A few months ago Drs. James S.J. Schwartz and Tony Milligan in The Space Review tried to summarize space ethics:
So what, then, do space ethicists actually do? At the highest level of generality, we are simply here to ask the ethical questions that, sooner or later, will need to be asked. And it is a feature of the practice of ethics, and not a bug, that it produces productive disagreements about the answers. But more specifically, there are five broad roles that characterize the vast majority of space ethics research. There are no doubt others that will emerge in the future, as space ethics is an evolving discipline. But the following list captures its “settled” roles and responsibilities.
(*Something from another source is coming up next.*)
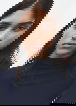 Featuring Kaia Gerber Long Sleeve Draped Back Maxi Dress In Navy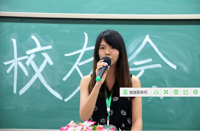 会上,李淑颖同学表示对东莞校区的怀念,表达了对经贸系的感谢,同时还向广大的校友发出诚挚的邀请,邀请大家常回“家”看看,并祝愿经贸系的校友之“家”能越办越好。

1. Space ethics identifies principles for arriving at rational compromises between different stakeholders in space. …
Unfortunately, their brief review of Why space ethics seems woefully inadequate:
In a sense, this goes to the heart of the matter, and why space ethics matters: it helps us to identify and reconsider assumptions that space advocates as well as space skeptics often fail to realize that they are making. In some cases, these assumptions turn out to be entirely reasonable. In others, they turn out to be highly questionable. If you are expecting space ethics to tell you that space exploration is the greatest thing ever, and that we should plunge ahead at all deliberate speed, then you may be in for a disappointment. You are also in for a disappointment if you are expecting space ethics to validate calls to renounce space exploration and to accept our terrestrial horizons.
I tend to be a bit of a pragmatic barbarian when it comes to philosophy. I wanted to see them motivate (space) ethics as a What goes around comes around deal. Not the sometimes-poetic Karma! approach, but the hard-nosed You screwed over that guy two months ago, so now we’re screwing you over now.
They didn’t go there.
Consequently, it all seems a bit airy and academic, and not imbued with urgency.